Free. MIT. Forever.
BonkLM is MIT-licensed and free forever. The Enterprise tier — humans on the line for production deployments — is being scoped with design partners. How do we compare?
Open
- All 9 layers · 12 validators · 5 guards
- 43 integrations — Express, Next, ElizaOS, LangChain, Mistral, …
- Self-hostable · edge-compatible · V8 isolates
- Unlimited prompts, unlimited validators
- Community Discord · public advisories on GitHub
Enterprise
- Everything in Open, plus humans:
- A named engineer when production trips an edge case
- Co-development on validators tuned to your stack
- Roadmap input ahead of public release
- No prompts logged
- No PII stored
- Same code for everyone
- One license — MIT
The Open tier is the product.
Eight capabilities ship in the MIT release. The Enterprise tier is being scoped with design partners — when it lands, this section gains a second column.

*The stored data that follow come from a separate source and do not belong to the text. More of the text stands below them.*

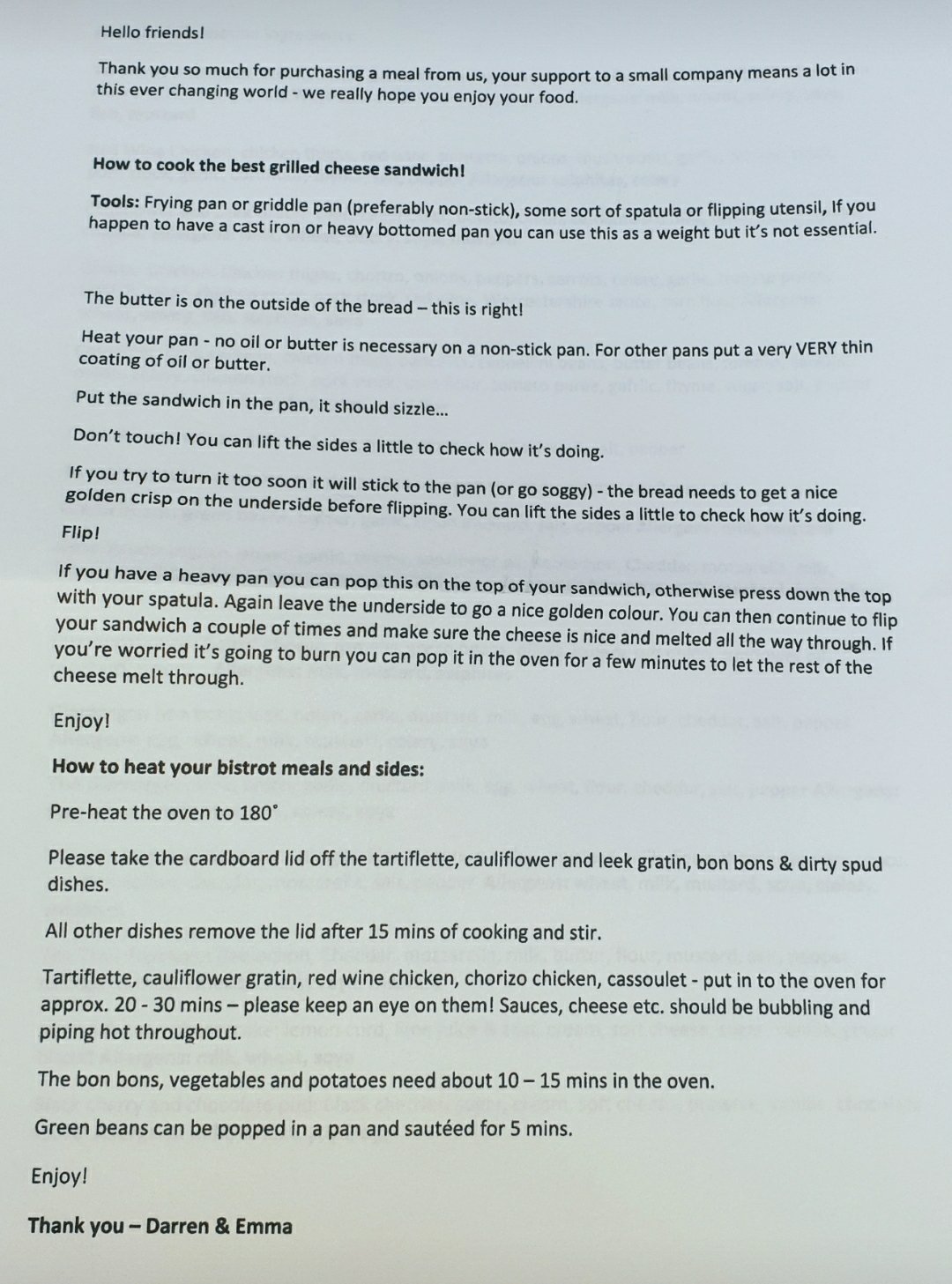 Would I order it again?  Absolutely – I think Mr. Croquewich’s Bistrot Home Delivery offers a perfect half way house between a takeaway and eating out.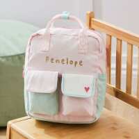 Personalised Double Pocket Colour Block Mini Backpack in Pink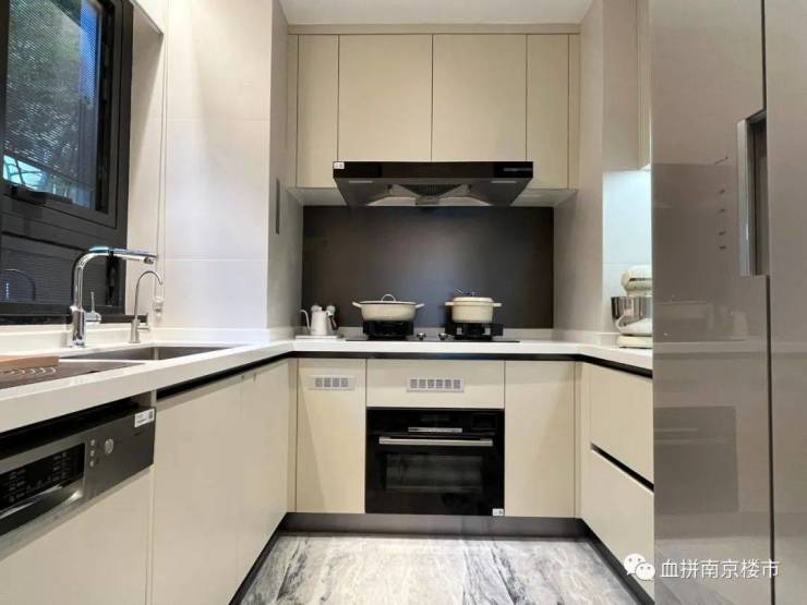 U型厨房,交付的东西比较多,博世全套的油烟机+洗碗机+蒸烤一体箱+灶具+对开门冰箱……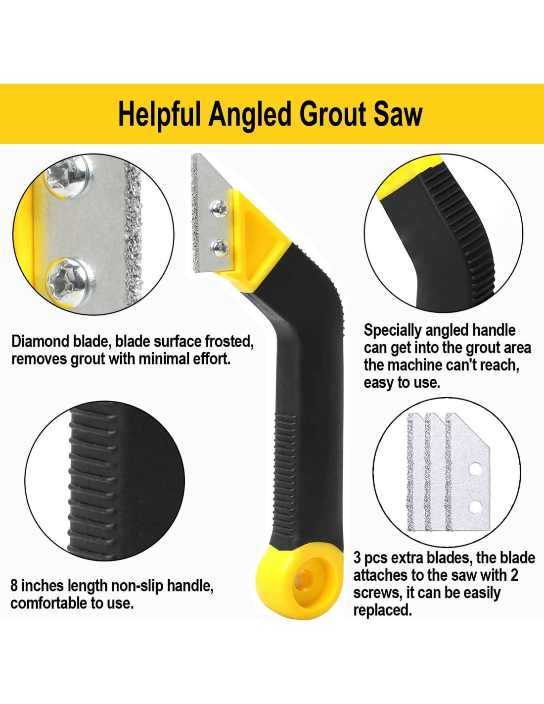 - [Diseño Útil] La herramienta de rastrillo de lechada de azulejos tiene una cabeza en ángulo para eliminar lechada de los lugares de difícil acceso que la máquina no puede alcanzar, fácil de usar. Las cuchillas de sierra de lechada tienen un grosor de 1 mm, funcionan muy bien en hendiduras profundas y limpieza de detalles. Diseño ergonómico de mango antideslizante para un agarre cómodo, permitiéndote trabajar durante mucho tiempo. El gancho en la cola del mango para un fácil almacenamiento.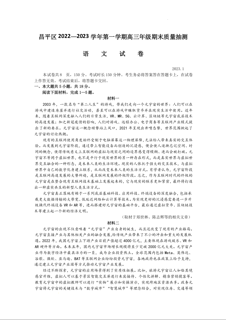 高三语文--北京市昌平区2023届高三上学期期末质量抽测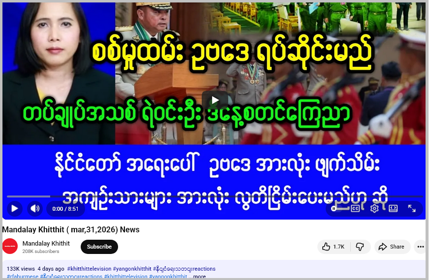 ဗွီဒီယိုဖြန့်ဝေထားတဲ့ “Mandalay KhitThit”အမည်နဲ့ ယူကျူ့ချန်နယ်ဟာ လုပ်ကြံရေးသားပြောဆိုချက်တွေနဲ့ သတင်းမီဒီယာတချို့မှာဖော်ပြခဲ့တဲ့ သတင်းအကြောင်းအရာတွေကို သတင်းခေါင်းစဉ်တပ်ကာ ပြန်လည် ဖြန့်ချိလေ့ရှိပါတယ်။ ဒီချန်နယ်နဲ့ ပတ်သက်ပြီး Fact Crescendo Myanmar ရဲ့ အချက်အလက်စိစစ်မှုတွေကို ဒီနေရာမှာကြည့်ပါ။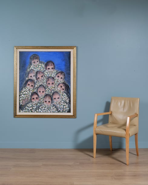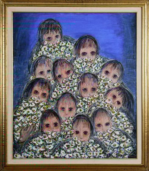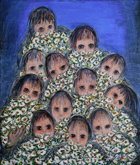 Çiçek Sunan Çocuklar - Tuval üzeri akrilik, imzalı - 100x75 cm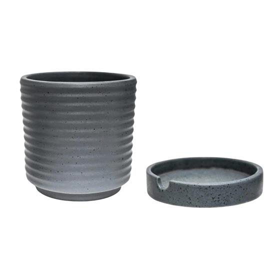 Luna Stoneware Planter And Saucer in Grey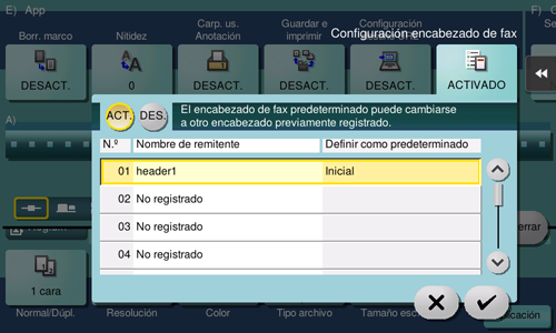Los cambios en la [Config. encabez. de fax] solo son temporales. Es útil especificar nombres de remitente frecuentes como valores predeterminados cuando se registran nombres de remitente.

- All 9 defensive layers · 12 validators · 5 guards
- 43 integration packages
- Self-hostable · edge-compatible
- On-prem · airgapped builds
- Unlimited prompts · unlimited validators
- Custom validators (write your own)
- Reproducible build artifacts
- Community Discord · public advisories on GitHub
Six things buyers ask first.
Is BonkLM really MIT? Always?
Yes. The library is MIT-licensed at HEAD and every tagged release. There is no feature gate. When the Enterprise tier ships, it will sell access to humans (named engineers, co-development), not access to features the open-source code does not already have.
Do you log my prompts?
No. The library runs in your process; nothing leaves your network unless you explicitly call out to a remote validator. We have no telemetry. No prompts, no completions, no PII, no IP addresses. Audit it yourself in `src/`.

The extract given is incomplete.